Bringing user experience labs in-house has changed Shop Direct’s culture to focus on the customer rather than its competitors.

Sam Barton, head of user experience at Shop Direct said: “We’re not looking at what our competitors are doing but what our customers are doing. It’s a very different skillset and attitude.”

Sam Barton, head of user experience at Shop Direct said: “We’re not looking at what our competitors are doing but what our customers are doing. It’s a very different skillset and attitude.”

“You have to remove the assumptions that there’s best practice. You’ve got to test it,” he added.

Barton said that it now brings customers into its lab, which includes eye tracking technology, for its staff to see how they react to changes on its website.

The retailer, which operates brands including Very and Littlewoods, now tests every change to its website so it knows the impact “commercially and on the customer”.

Barton said: “700 colleagues have observed customers. This is how we get people close to our customers. We don’t have stores, we don’t get to speak to our customers. This gives colleagues an opportunity to get under the skin of our customers.”

The retailer now makes 50 tests a month and is vying to up that to 150 by July 2016. “It’s up there with the likes of Amazon and eBay,” said Barton.

Shop Direct makes iterative changes to its websites based on the results of the tests, rather than undergoing massive redesign like Marks & Spencer’s, which saw sales plunge by 8.1% after its launch as customers took time to adjust.

“We use iterations to change our website. We have a clear goal of where we want to be and the huge change we want to make over time, but we chunk it up,” said Barton.

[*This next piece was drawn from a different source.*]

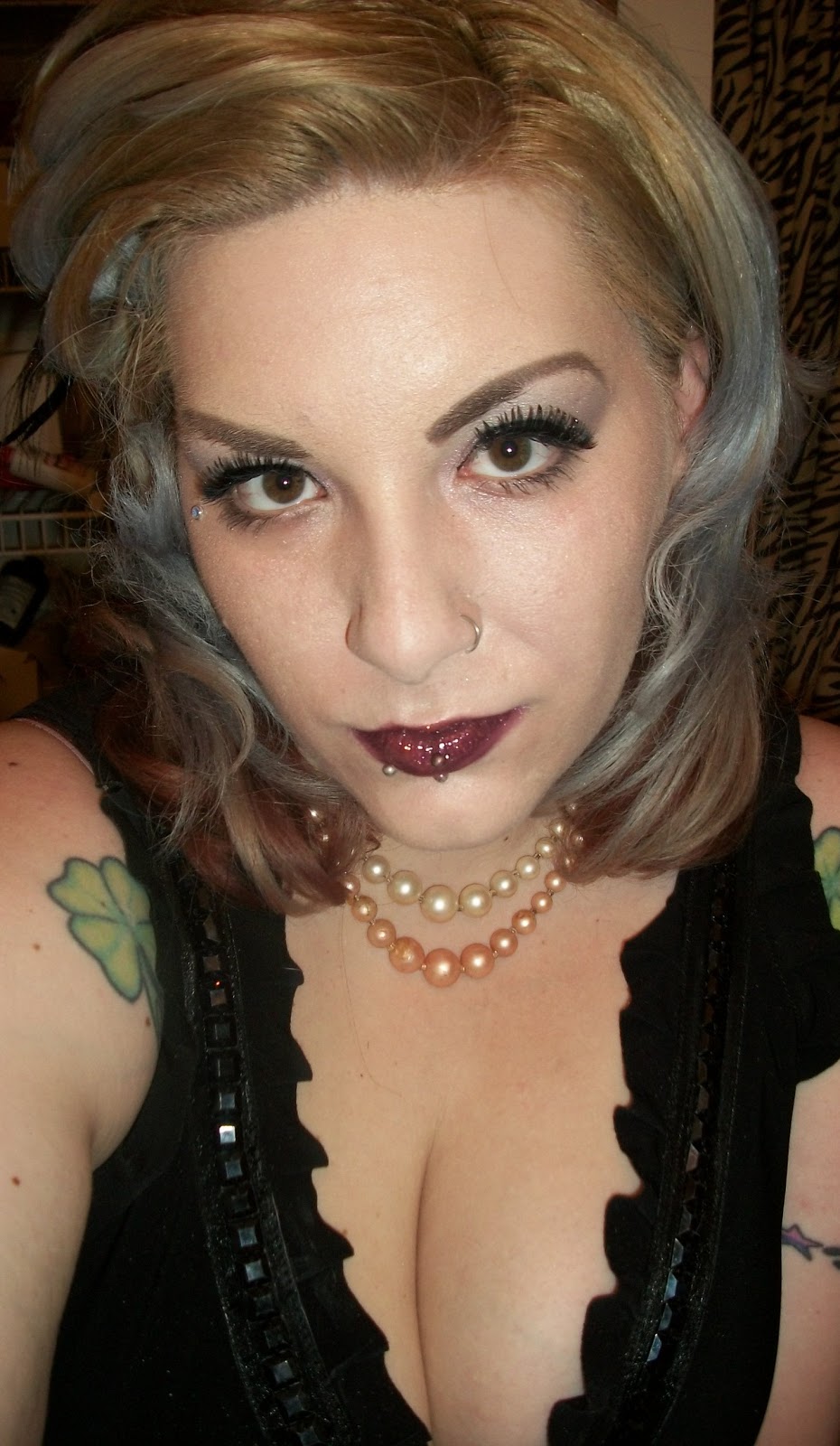 The makeup I chose for this look was a shimmering wine colored eye paired with a matching lip, pale pink blush, and just a little bit of glitter. I started out with a super sparkly deep brown from a company called Jujubeads called 'Dark Soul'. Again I used my Tarte pallet but this time I went for V. and Waitress. Then I used an amazing sparkling white shade from My Beauty Addiction called Snow Globe as a highlight. I finished it off by packing on Abigail Boutique Designs Big Papa. I blended it out and then packed on more Big Papa with a moist brush. I made my own lip gloss by mixing a tiny bit of Big Papa with a clear balm. Adding a little bit of glitter is totally optional.

He gave the Retail Week Tech & Ecomm Summit examples of some of the tests it has since implemented on site that had helped boost sales. This includes changing the error message on the product page that appeared when a customer had not chosen a colour for the item.

They changed that message to ‘don’t forget to choose your colour’ and experienced an increase in demand of 2.9%, which resulted in £3.3m in additional sales. “That paid for the lab 30 times over,” said Barton.

Along with commercial benefits, Barton said its user experience lab had also helped to change perceptions of the business from a catalogue retailer to a digital retailer both internally and externally.